Work performed

The establishing of new microanalytical platform in ISTerre (Figure 2) we consider as one of the major achievements in the first two years of project.
Using this new equipment, we developed a number of new in-situ analytical methods to analyze elemental and isotopic compositions of melt inclusions and host minerals. This allowed us to discover the most depleted in radiogenic 87Sr melt from Earth in a subset of melt inclusions in olivine from 3.3 billion years old mantle-derived melts (komatiites from Barberton Mountain land, South Africa). These melt inclusions correspond to a middle Hadean age (4.2 billion years) mantle source with compositional evidence of significant continental crust production. We performed two highly successful expeditions to remote areas of South Africa and Vietnam to collect samples of komatiites of different ages. A new model has been developed for Ni-Mg-partitioning between olivine and rich in alkalis melt based on new one-atmosphere experiments. We have experimented with annealing of devitrified melt inclusions in zircon.

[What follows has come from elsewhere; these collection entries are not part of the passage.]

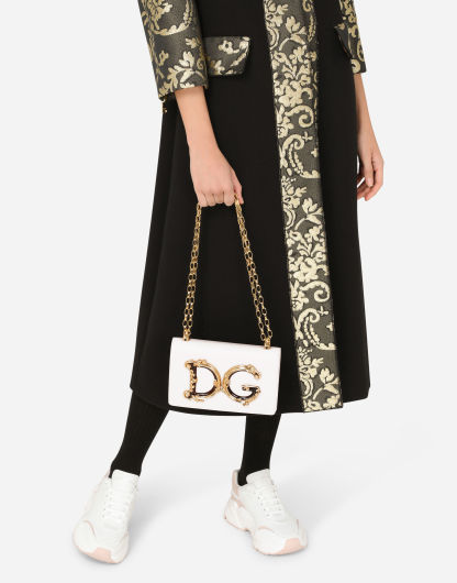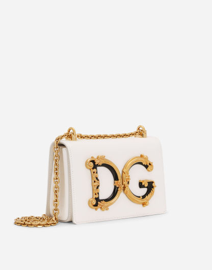 Elegant and sophisticated, the shoulder bag from the DG Girls line is made of nappa leather with a baroque DG logo in enamelled ABS and metalized vintage gold and is perfect for elegant evenings.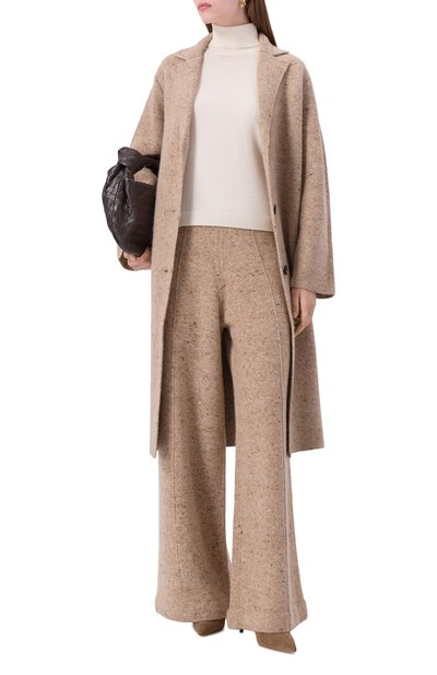 Широкие брюки с глубокими складками спереди и четырьмя карманами сшили из хлопкового вельвета с добавлением вискозы. Наши стилисты предлагают носить модель парным жакетом, водолазкой и ботильонами.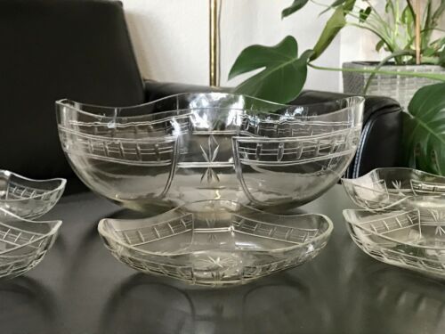 Antik EDEL Jugendstil Glas Kristallglas Schale & 5 Schälchen Schliff Secession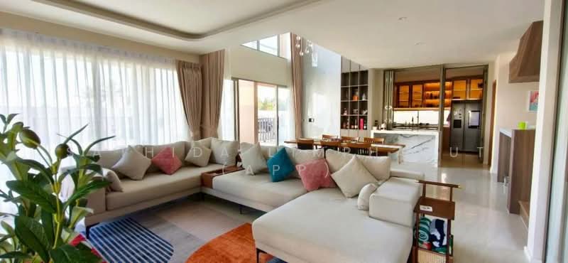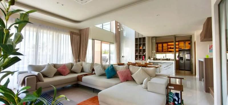 This stunning two-story house offers 4 bedrooms and 4 bathrooms for Sale in Nong Pla Lai. Is Available in Thai Name Ownership, sitting on 400 Sqm of land plot size, 273 Sqm of usable area. Comes fully furnished, European kitchen, full equipped with premium appliances, dining table. A spacious open plan living hall featuring stylish recessed ceilings with LED cove lighting. A flexible space on the ground floor that can be easily customized into a home office, the second floor hosts grand bedtooms, including a master suite with a private en-suite bathroom. Step outside to your privte swimming pool, surrounder by a well-sized lush garden that offers both greenery and private.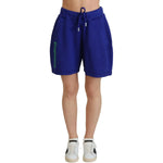 蓝色徽标棉质高腰运动短裤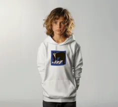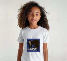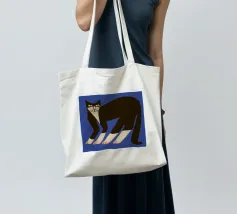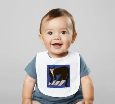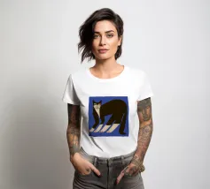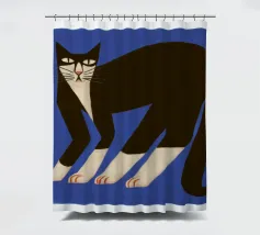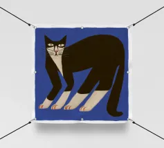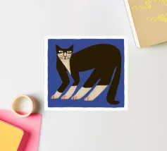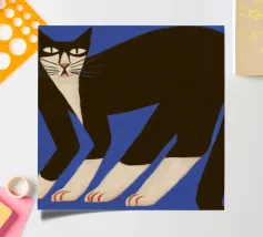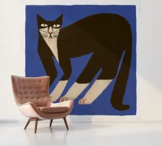 Un'illustrazione di un gatto nero con zampe e petto bianchi, catturato in una posa dinamica e leggermente arcuata su un quadrato blu in grassetto su uno sfondo più chiaro, che suggerisce una caccia di mezzanotte o una posizione curiosa.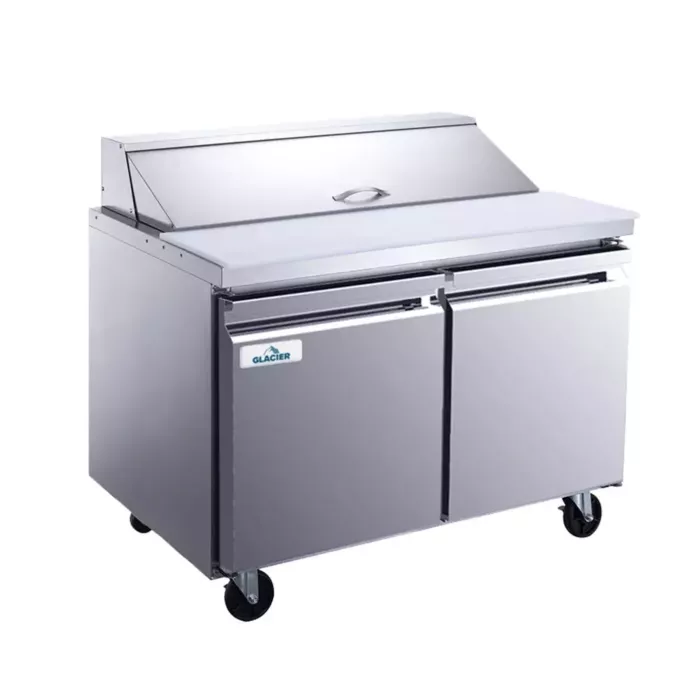 The Glacier GST-48-12 48" Sandwich / Salad 12 Pan Refrigerated Prep Table with 2 doors is constructed with Durable brushed stainless steel to handle years of use while being easy to maintain.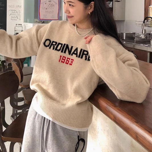 ニット トップス レディース 韓国 ファッション 秋冬 セーター 厚手 ハイゲージ ロゴ クルーネック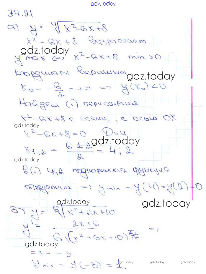 Ответы к §34. Функции y = ⁿ√x, их свойства и графики Глава 6 34. 21 Задачнику по Алгебре для 10-11 класса Мордкович, Денищева Базовый уровень Мнемозина 2015
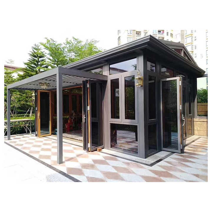Design moderne personnalisé Maison extérieure en aluminium autoportante en verre Véranda de jardin d'hiver Véranda avec toit trempé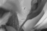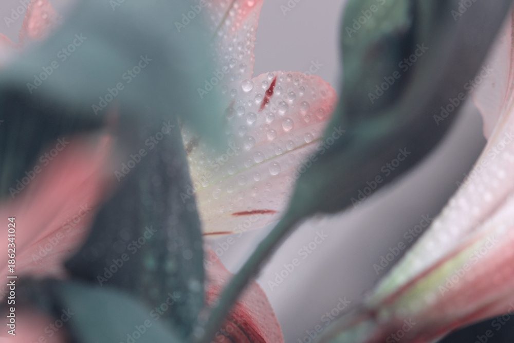 Smoke selective soft focur blurred close-up pink pastel flower, green leaf with water drop. Macro natural background.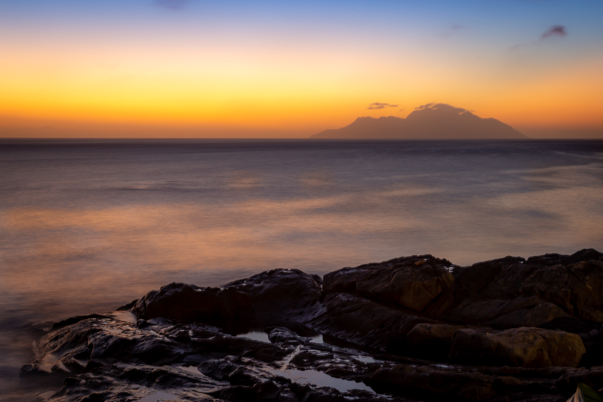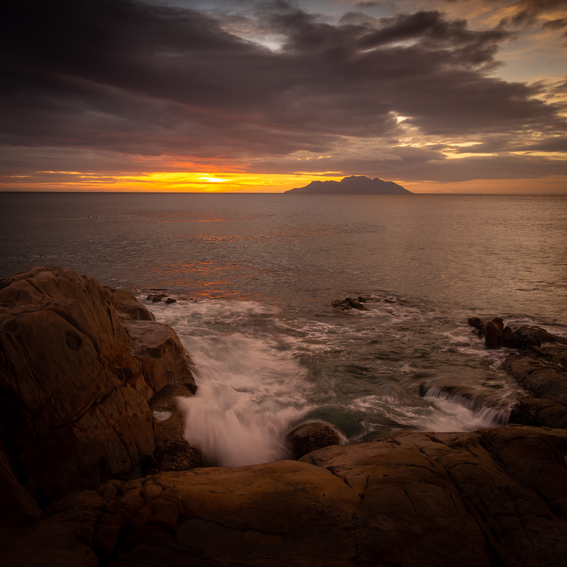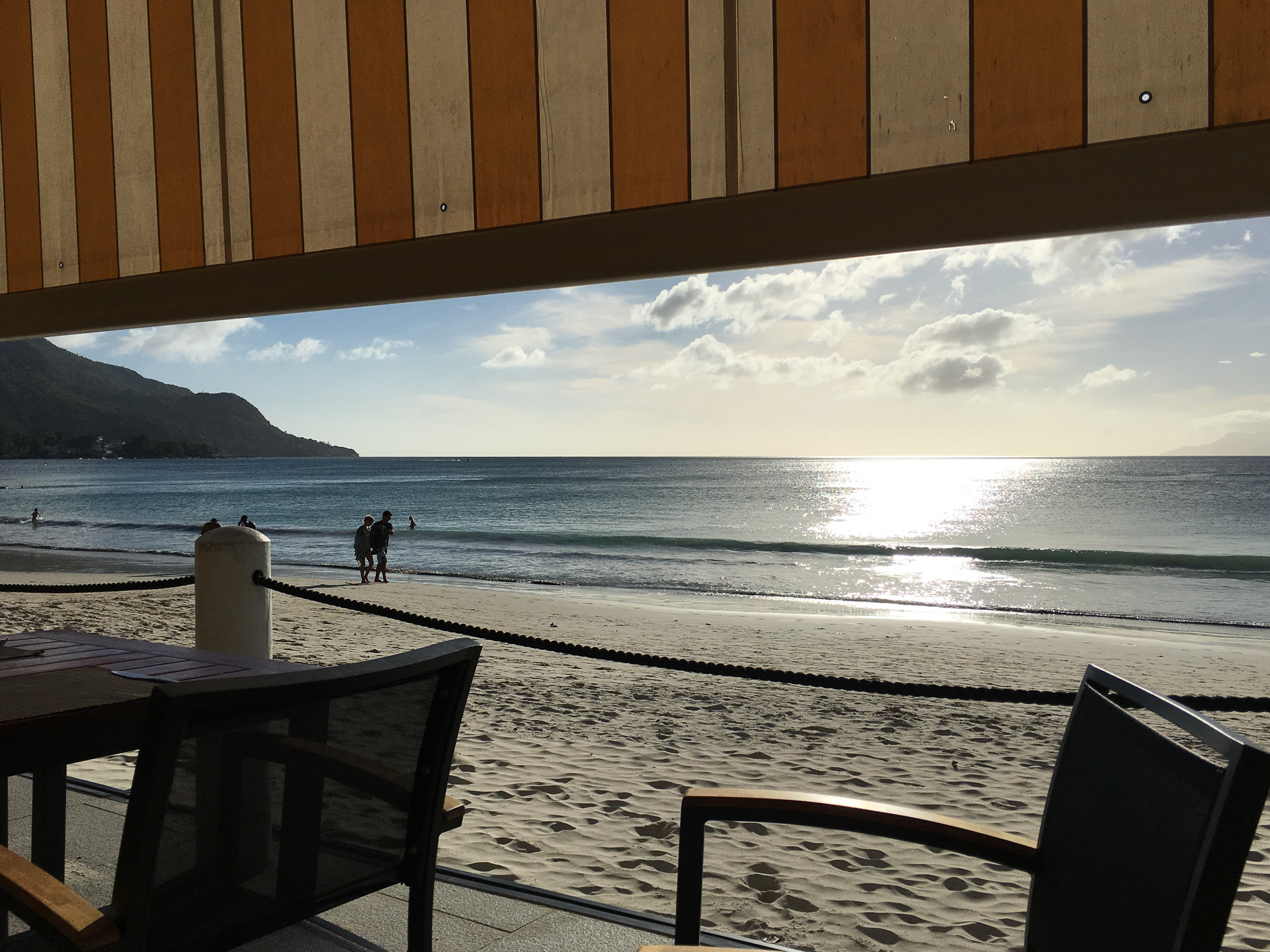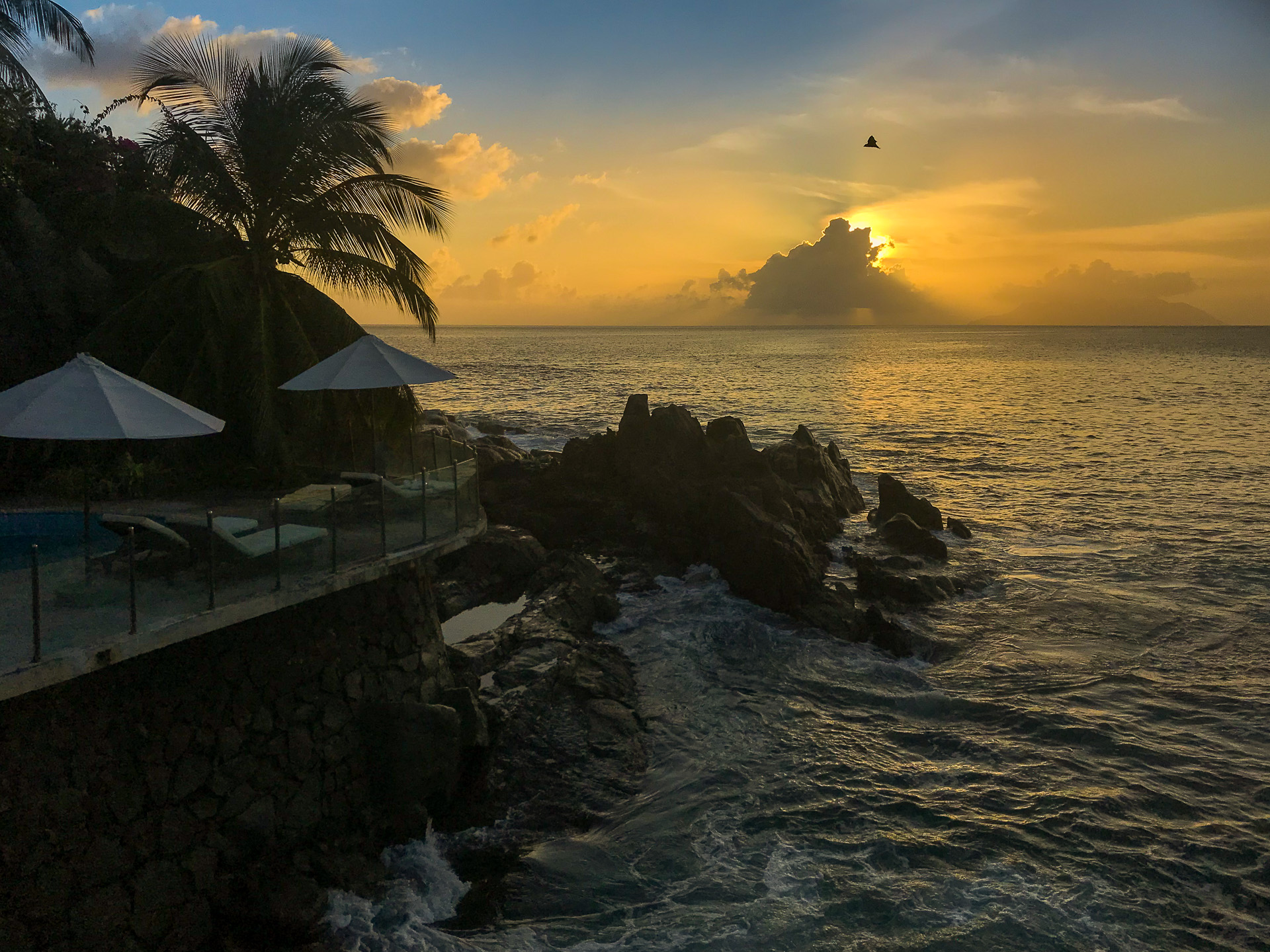 The aptly named Silhouette Island helped frame the fiery sunsets on the rocks below our room. We seemed to be here in time for drinks at the end of most days.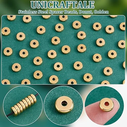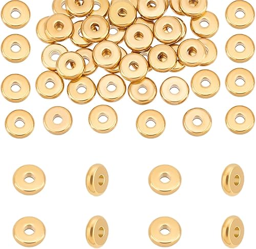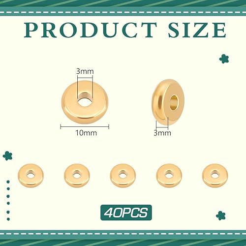 UNICRAFTALE 40 pièce Perles D'Espacement Acier Inoxydable Perles Entretoises 10mm Perles Rondes Plates Dorées Perles en Vrac Perles de Bracelet Perles Lisses pour la Fabrication de Bijoux de Collier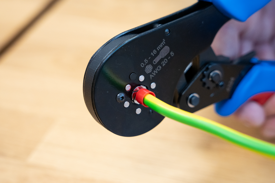 HEX-CRIMP 16 mm² has been specially developed for the process-safe crimping of wire end ferrules. Six synchronously driven dies produce a hexagonal crimp that facilitates the insertion of round terminals. The hexagonal crimp profile with serrated dies made of multi-hardened carbon steel ensures permanent electrical connections. Self-adjustment to the required wire end ferrule enables fast work with different cross-sections. The crimping tool has a ratchet mechanism with a blocking device to ensure a consistently high crimping quality and results that can be precisely repeated. The crimping tool will only open when the crimping process is complete. An emergency release has also been integrated into the handle, which opens the crimping tool in the event of misuse. Thanks to the accurate eccentric setting, the crimping force can be precisely adjusted. As a result, the tool delivers a consistently high crimping quality. The HEX-CRIMP 16 mm² tool can be used to process wire end ferrules in the working range of 0.5-16 mm² (AWG 20-5). The 2-component handles of the crimping tool ensure non-slip and ergonomically friendly handling with maximum force transmission. The tried and tested “ice-crack design” was used, which ensures a comfortable feel. The integrated eyelets on the handles can be used to attach a safety catch.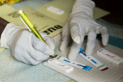 採取した血液で、HIV検査とマラリア検査がおこなわれている(ウガンダ) |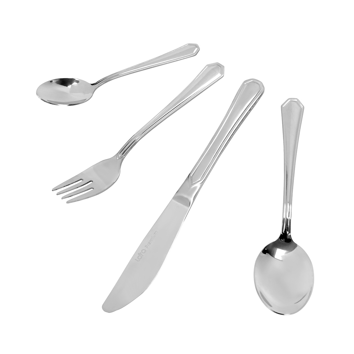 Столовые приборы LARA LR10-20/24 Альтаир – это сочетание превосходного качества и элегантного стиля. В наборе 24 предмета на 6 персон. Легкий и лаконичный дизайн дополнен акцентом на ручках. Каждый предмет идеально сбалансирован, ручки имеют специальную форму и отлично лежат в руке. Яркая зеркальная полировка не тускнеет, приборы выполнены из пищевой нержавеющей стали. Все изделия высокого качества и очень прочные, не гнутся, имеют длительный срок службы, отлично сохраняют эксплуатационные свойства. Столовые приборы Lara подходят как для ежедневного использования, так и для сервировки праздничного стола. За приборами легко ухаживать, их можно мыть в посудомоечной машине.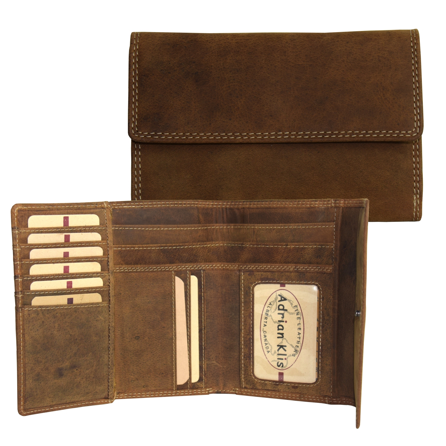 3 bill pockets, 15 CC, 2 side pockets, 1 ID pocket, 1 coin pocket closed with zipper |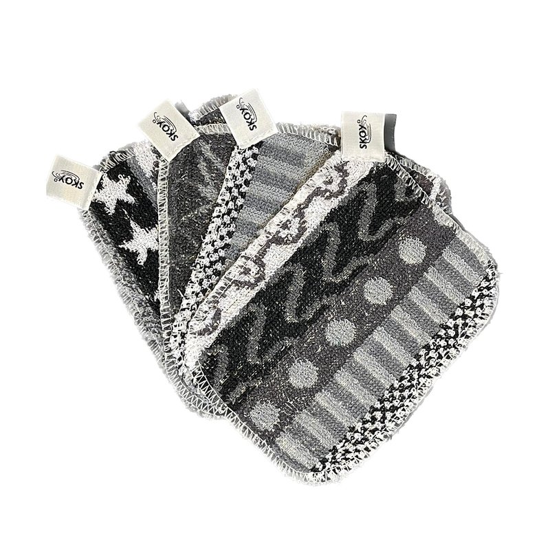 Skoy Scrub, 4-Pack Non-Scratching, Reusable Scrub for Kitchen and Household Use, Environmentally-Friendly, Dishwasher Safe, Monochromatic Colors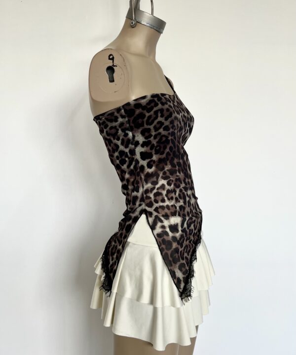 2108/TA-TOP UN HOMBRO TUL ANIMAL PICO CON PUNTILLA FLECOS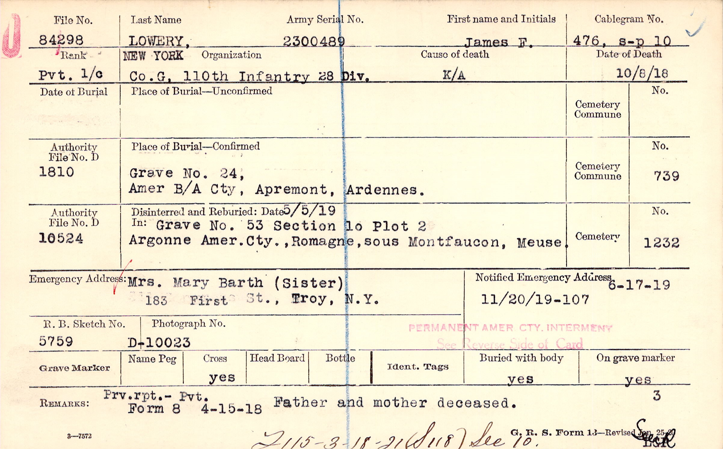 Grave 24, Amer B/A Cty, Apremont, Ardennes.
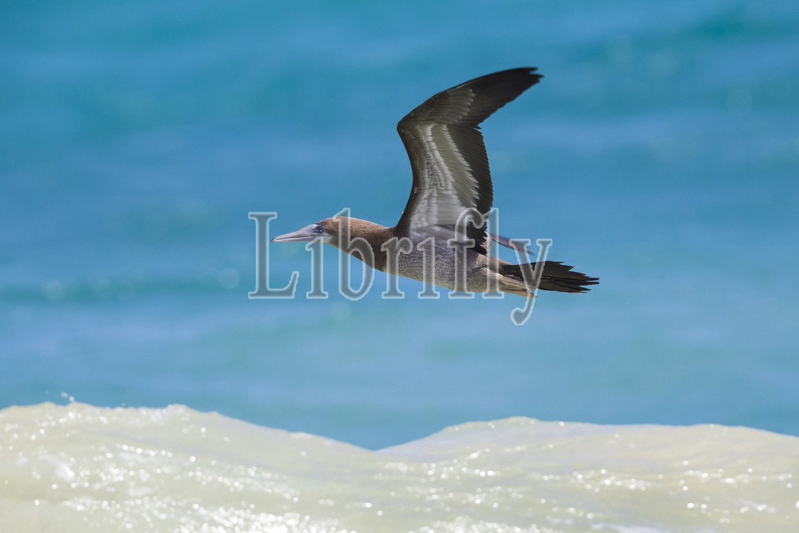 Brown Booby in flight, Sula leucogaster, Capo Verde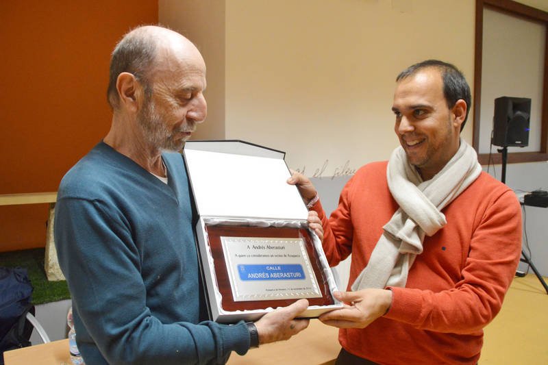 Andrés Aberasturi recibe una reproducción de la placa que da su nombre a una calle de Azuqueca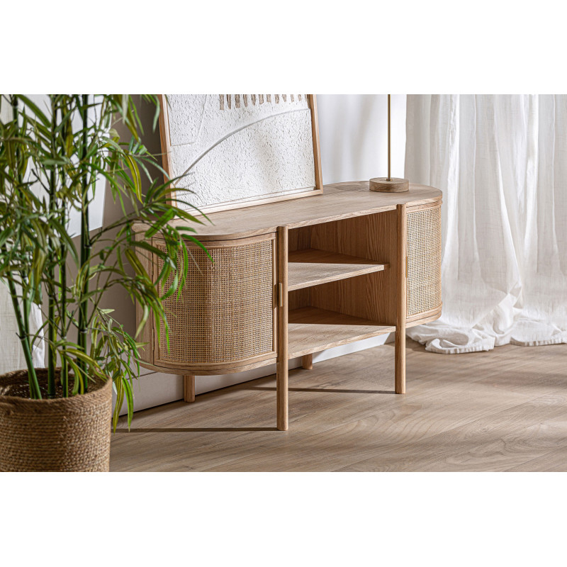 Mueble tv oval ikla, en color marron, de estilo nordico. Fabricado en madera dm, combinado con madera de fresno y ratan.

The temperature, pressure and duration of heating varied in 11 different experiments (900 - 1200 C, 0.1 MPa - 0.5 GPa, 2-24 hr). Zircons were selected from previously studied suites that vary in age from 4.4 Ga to 20 ka, including Hadean samples from the Jack Hills, W. Australia and Barberton, S. Africa. Selected glass inclusions were analyzed by laser-Raman to determine the water content of glass and radiation1 damage in zircon; electron microprobe to determine the chemical composition of glass; and SIMS to determine oxygen isotope ratios of glass and host zircon, the water content of the glass, and age and trace elements in host zircons. We developed new protocols for the analysis of water and of key trace elements such as Nb, Sc and Ta by SIMS. We reported U–Pb/Hf/O data for zircons from Archean Saglek Block, North Atlantic craton,
suggesting that a depleted mantle domain existed in the early Archean and crustal reworking in the Archean.
We develop numerical techniques and run global models of Earth’s evolution spanning its entire age. Our current key finding is that the likely dynamic regime in the Hadean and Eo-Archean times was oscillatory, with interchanging of long-lasted subduction-dominated regimes and shorter non-subduction regimes, rather than previously suggested continuous non-subduction stagnant-lid or squishy-lid regimes.